*What is expected:* Write out exactly, and only, the lines below from the line with "Casual fine-plaid letter" through the line with "When you run"; pictures do not belong in the copy.
*** Data under study ***
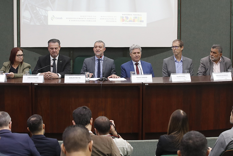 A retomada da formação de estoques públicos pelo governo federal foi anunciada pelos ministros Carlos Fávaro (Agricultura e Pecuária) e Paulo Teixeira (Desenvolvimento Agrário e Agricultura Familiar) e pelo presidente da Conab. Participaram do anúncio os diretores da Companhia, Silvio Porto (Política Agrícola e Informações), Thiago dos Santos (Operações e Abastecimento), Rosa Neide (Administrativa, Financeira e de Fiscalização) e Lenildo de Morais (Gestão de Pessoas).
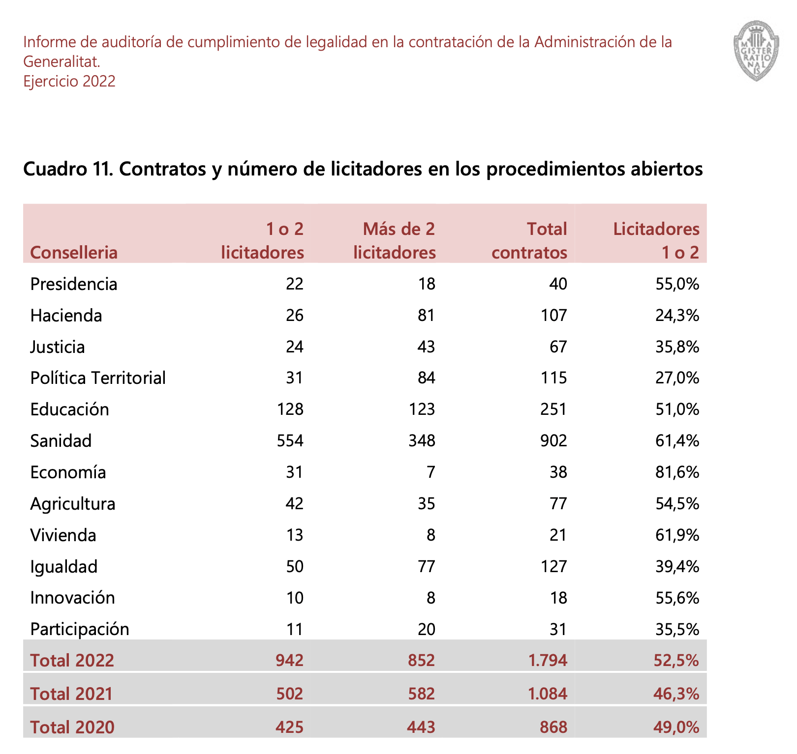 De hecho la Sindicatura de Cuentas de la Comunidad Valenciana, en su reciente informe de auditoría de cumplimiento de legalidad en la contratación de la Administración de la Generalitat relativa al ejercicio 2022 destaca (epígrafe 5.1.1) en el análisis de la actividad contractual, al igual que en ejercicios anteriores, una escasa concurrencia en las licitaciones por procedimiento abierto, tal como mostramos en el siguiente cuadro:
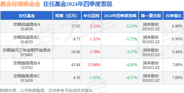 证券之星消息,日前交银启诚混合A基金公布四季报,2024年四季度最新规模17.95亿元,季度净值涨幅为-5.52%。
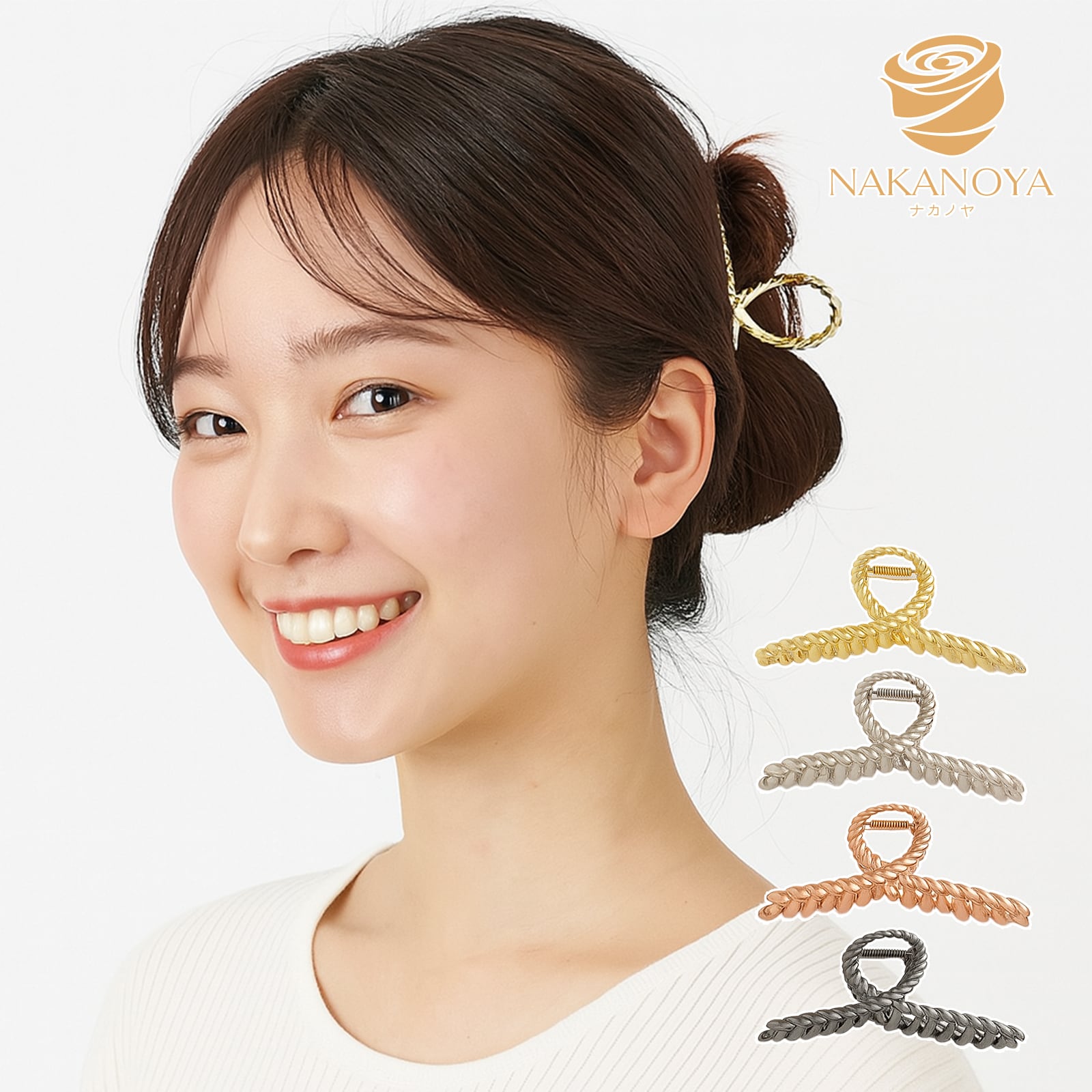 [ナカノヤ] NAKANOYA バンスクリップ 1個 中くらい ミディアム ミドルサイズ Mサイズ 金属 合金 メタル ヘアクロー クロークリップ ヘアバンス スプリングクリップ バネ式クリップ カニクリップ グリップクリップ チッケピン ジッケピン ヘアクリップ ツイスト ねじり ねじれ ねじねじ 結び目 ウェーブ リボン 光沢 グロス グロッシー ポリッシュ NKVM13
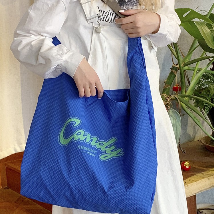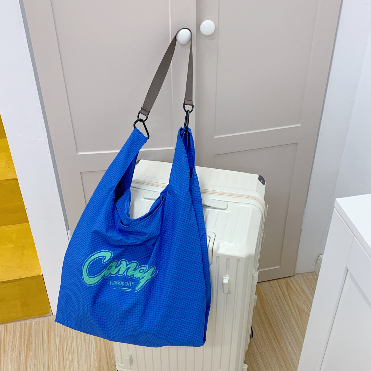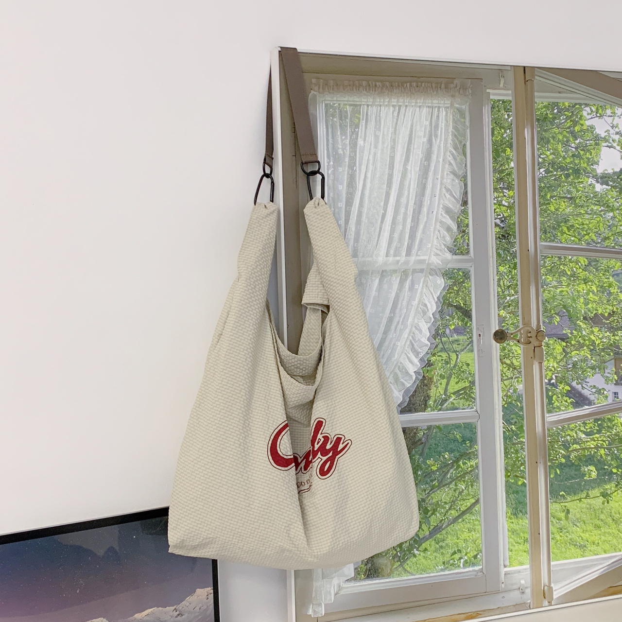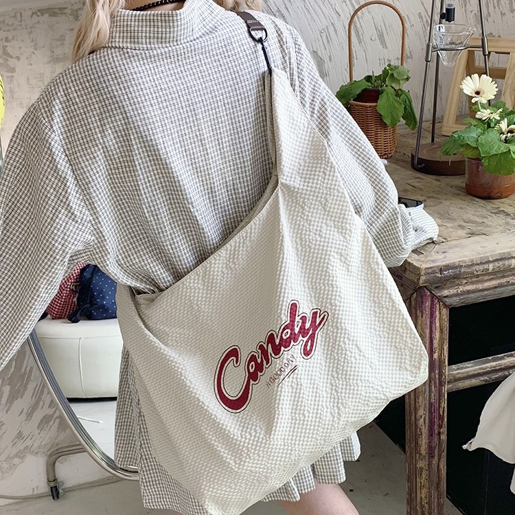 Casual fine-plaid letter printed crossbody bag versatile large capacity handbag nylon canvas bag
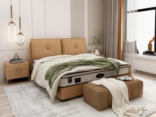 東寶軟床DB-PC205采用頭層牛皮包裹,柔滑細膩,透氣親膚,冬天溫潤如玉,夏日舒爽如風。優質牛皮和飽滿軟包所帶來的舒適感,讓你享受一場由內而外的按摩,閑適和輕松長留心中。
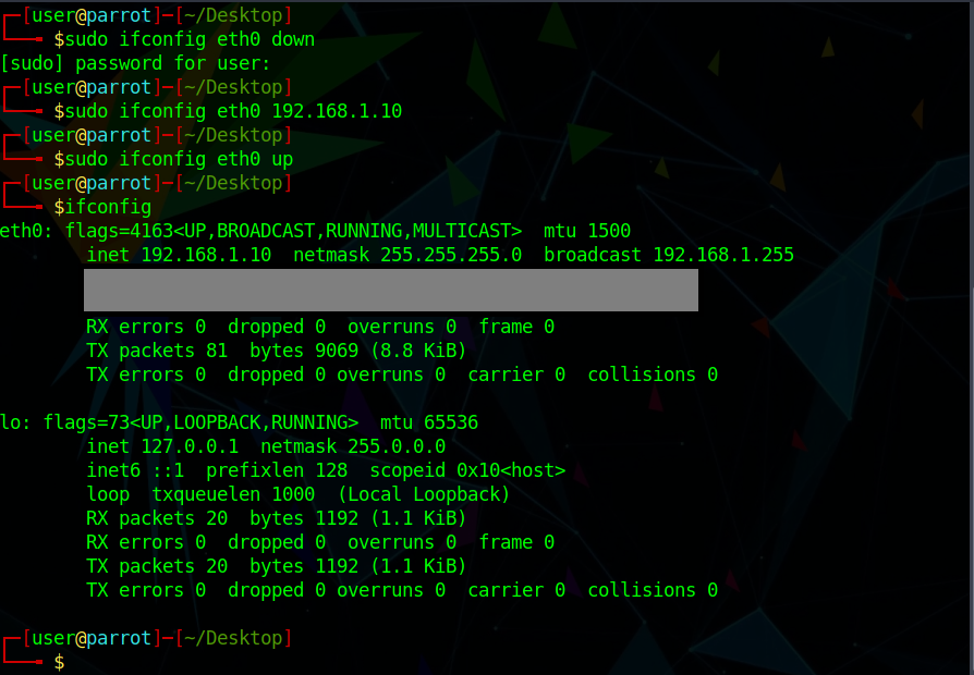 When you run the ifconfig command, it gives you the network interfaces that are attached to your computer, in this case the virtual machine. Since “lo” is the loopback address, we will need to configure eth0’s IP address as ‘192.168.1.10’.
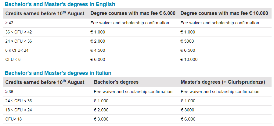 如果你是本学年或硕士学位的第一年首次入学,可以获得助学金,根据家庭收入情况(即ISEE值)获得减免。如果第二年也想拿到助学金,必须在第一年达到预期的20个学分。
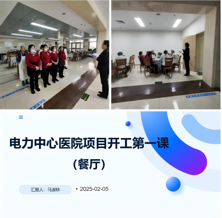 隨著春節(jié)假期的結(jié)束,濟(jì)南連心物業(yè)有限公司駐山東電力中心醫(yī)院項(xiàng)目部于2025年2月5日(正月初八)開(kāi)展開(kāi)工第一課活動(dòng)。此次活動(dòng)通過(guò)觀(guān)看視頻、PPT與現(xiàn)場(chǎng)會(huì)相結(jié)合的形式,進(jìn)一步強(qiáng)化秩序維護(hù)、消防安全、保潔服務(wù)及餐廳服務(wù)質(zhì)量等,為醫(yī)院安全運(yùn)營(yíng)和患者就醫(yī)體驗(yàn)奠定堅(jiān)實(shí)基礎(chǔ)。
*** End of Data under study ***
*Solution to this task:*
 Casual fine-plaid letter printed crossbody bag versatile large capacity handbag nylon canvas bag
 東寶軟床DB-PC205采用頭層牛皮包裹,柔滑細膩,透氣親膚,冬天溫潤如玉,夏日舒爽如風。優質牛皮和飽滿軟包所帶來的舒適感,讓你享受一場由內而外的按摩,閑適和輕松長留心中。
 When you run the ifconfig command, it gives you the network interfaces that are attached to your computer, in this case the virtual machine. Since “lo” is the loopback address, we will need to configure eth0’s IP address as ‘192.168.1.10’.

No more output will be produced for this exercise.